Cord blood also is being tested on a far more common condition. The American Diabetes Association recently announced preliminary results from a small pilot study in which cord-blood infusions appeared to slow the progress of juvenile diabetes. Perhaps, the researchers theorize, it slows the destruction of insulin-producing cells, but further study is needed.
It’s exciting to imagine regenerative uses for cord blood, but they remain unproven. In the meantime, doctors say they can already do much good using available cord-blood methods — enough to warrant expansion of the public banks. “Until science advances to where there is really evidence that your own autologous cord blood could be used for regenerative repair, unless there is a family disease that is potentially curable with a cord-blood transplant, people who want to donate should donate for the greater good of the public,” says cord-blood pioneer Mitchell Cairo of New York Presbyterian. “There is currently a huge need for patients worldwide to have access to unrelated cord blood.” The physician notes that fewer than three hundred thousand cord-blood units have been stored worldwide, while bone-marrow and regular blood-bank donor registries run more than ten million listings.
Even so, it’s hard to compete with the attraction of security for your own family, for that security — not utility — is ultimately what the commercial banks are selling.

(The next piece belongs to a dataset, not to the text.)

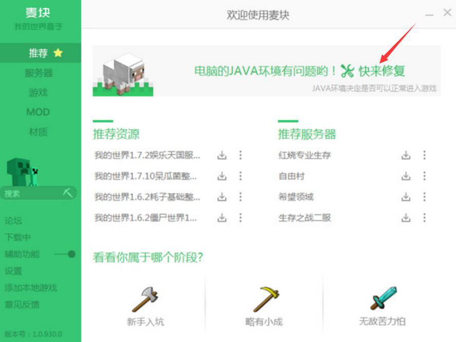 3、如果电脑中并未安装JAVA。那么麦块我的世界盒子便会弹出如下图的提示,用户点击“快来修复”便可自动下载安装JAVA环境。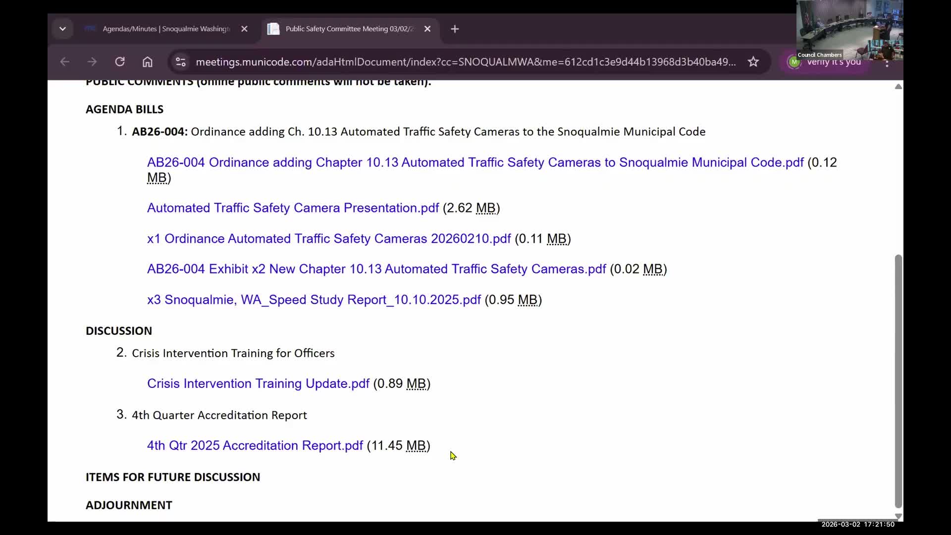 Snoqualmie's police leaders told the Public Safety Committee they aim to have all officers complete a 40-hour crisis-intervention training course by the end of the year, using King County-funded classes to reduce local costs; the department reported crisis-related calls were a small share of total call volume.

Oddly enough, despite all the sales pitches designed to convince parents that cord blood is useful, it’s infinitely more comforting to think of it as something you won’t ever have to defrost. When Rose Barrett considers the cord blood she banked for her two kids, she’s perfectly content to have paid for something still sitting untouched in an Arizona freezer. “The best use of my money would be if we never needed it,” she says.